Accuracy of carrot yield forecasting using proximal hyperspectral and satellite multispectral data
Suarez, LA and Robson, A and McPhee, J and O'Halloran, J and van Sprang, C, Accuracy of carrot yield forecasting using proximal hyperspectral and satellite multispectral data, Precision Agriculture, 21 pp. 1304-1326. ISSN 1385-2256 (2020) [Refereed Article]

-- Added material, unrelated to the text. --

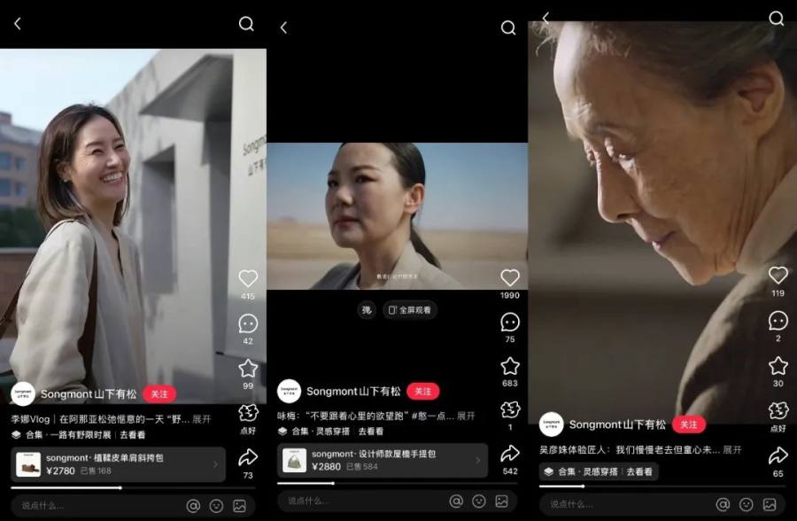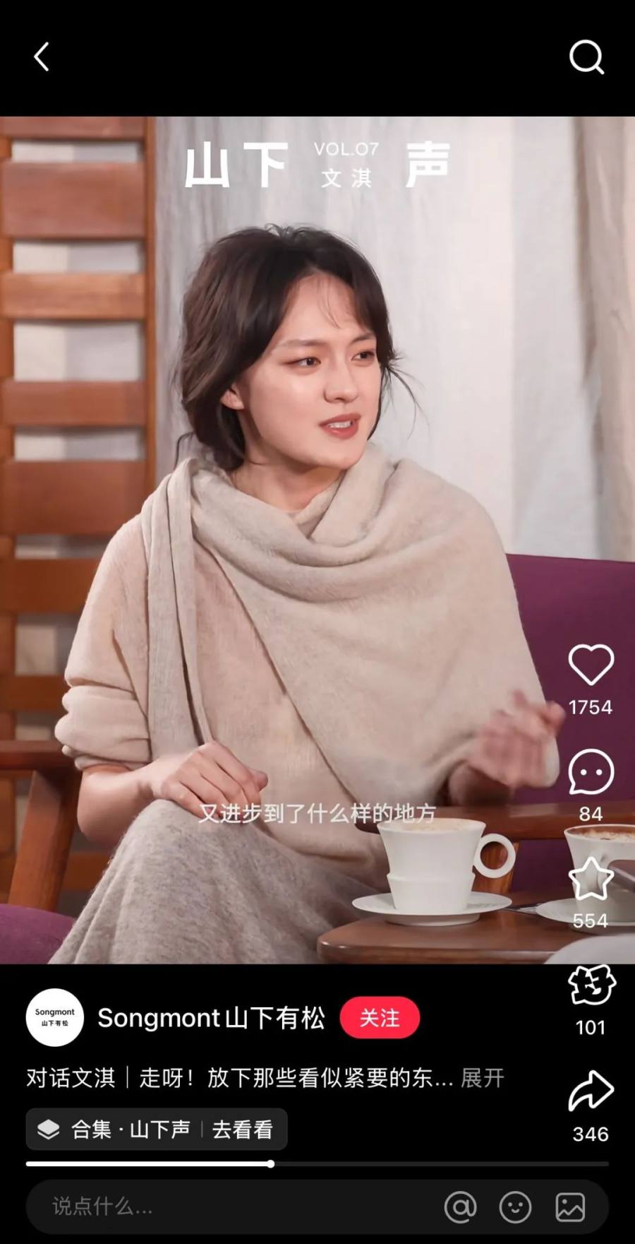在实操上,山下有松还有一个值得品牌学习的内容玩法,就是最大程度挖掘品牌合作伙伴的内容,以此次文淇的合作为例,视觉大片、品牌TVC、翻包视频、对谈视频、播客、甚至文淇的拍摄的vlog......几乎是全方位产出了充分的品牌物料,满足了横屏竖屏、长短内容、音频视频、静态动态多维度的内容供给。

Proximal and remote sensors have proved their effectiveness for the estimation of several biophysical and biochemical variables, including yield, in many different crops. Evaluation of their accuracy in vegetable crops is limited. This study explored the accuracy of proximal hyperspectral and satellite multispectral sensors (Sentinel-2 and WorldView-3) for the prediction of carrot root yield across three growing regions featuring different cropping configurations, seasons and soil conditions. Above ground biomass (AGB), canopy reflectance measurements and corresponding yield measures were collected from 414 sample sites in 24 fields in Western Australia (WA), Queensland (Qld) and Tasmania (Tas), Australia. The optimal sensor (hyperspectral or multispectral) was identified by the highest overall coefficient of determination between yield and different vegetation indices (VIs) whilst linear and non-linear models were tested to determine the best VIs and the impact of the spatial resolution. The optimal regression fit per region was used to extrapolate the point source measurements to all pixels in each sampled crop to produce a forecasted yield map and estimate average carrot root yield (t/ha) at the crop level. The latter were compared to commercial carrot root yield (t/ha) obtained from the growers to determine the accuracy of prediction. The measured yield varied from 17 to 113 t/ha across all crops, with forecasts of average yield achieving overall accuracies (% error) of 9.2% in WA, 10.2% in Qld and 12.7% in Tas. VIs derived from hyperspectral sensors produced poorer yield correlation coefficients (R2 < 0.1) than similar measures from the multispectral sensors (R2 < 0.57, p < 0.05). Increasing the spatial resolution from 10 to 1.2 m improved the regression performance by 69%. It is impossible to non-destructively estimate the pre-harvest spatial yield variability of root vegetables such as carrots. Hence, this method of yield forecasting offers great benefit for managing harvest logistics and forward selling decisions.